MATERIAL FOR THIS TASK:
BEGIN

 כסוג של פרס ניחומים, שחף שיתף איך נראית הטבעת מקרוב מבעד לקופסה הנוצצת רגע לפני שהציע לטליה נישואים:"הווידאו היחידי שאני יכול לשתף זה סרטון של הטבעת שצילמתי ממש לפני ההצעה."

END
BEGIN

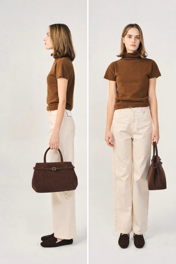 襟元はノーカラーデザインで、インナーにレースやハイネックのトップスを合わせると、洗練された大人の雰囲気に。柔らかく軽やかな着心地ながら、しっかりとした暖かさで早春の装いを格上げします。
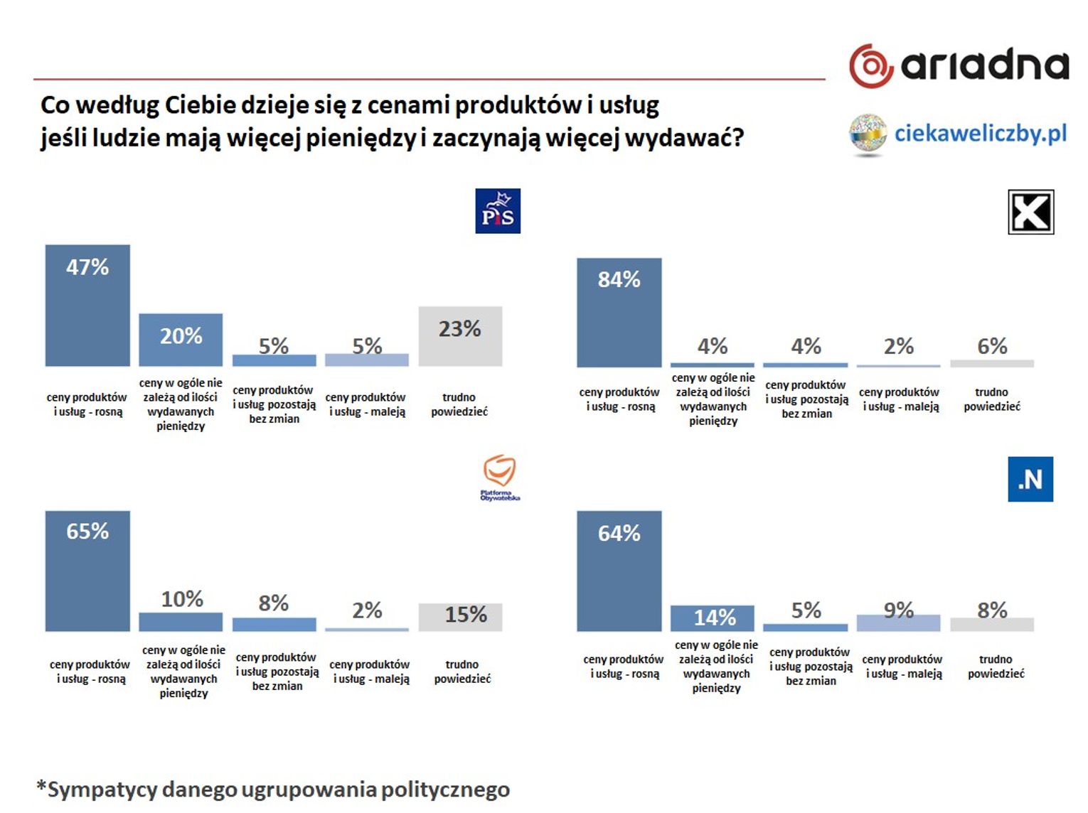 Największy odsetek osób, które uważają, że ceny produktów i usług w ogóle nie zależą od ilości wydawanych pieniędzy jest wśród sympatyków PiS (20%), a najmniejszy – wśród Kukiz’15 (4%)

END

WHAT YOU ARE ASKED TO DO:
Among the entries above, locate the line with "襟元はノーカラーデザインで、" and the line with "Największy odsetek osób, które". Give those two lines and all lines between them again, exactly, leaving out the pictures.

EXERCISE RESULT:
 襟元はノーカラーデザインで、インナーにレースやハイネックのトップスを合わせると、洗練された大人の雰囲気に。柔らかく軽やかな着心地ながら、しっかりとした暖かさで早春の装いを格上げします。
 Największy odsetek osób, które uważają, że ceny produktów i usług w ogóle nie zależą od ilości wydawanych pieniędzy jest wśród sympatyków PiS (20%), a najmniejszy – wśród Kukiz’15 (4%)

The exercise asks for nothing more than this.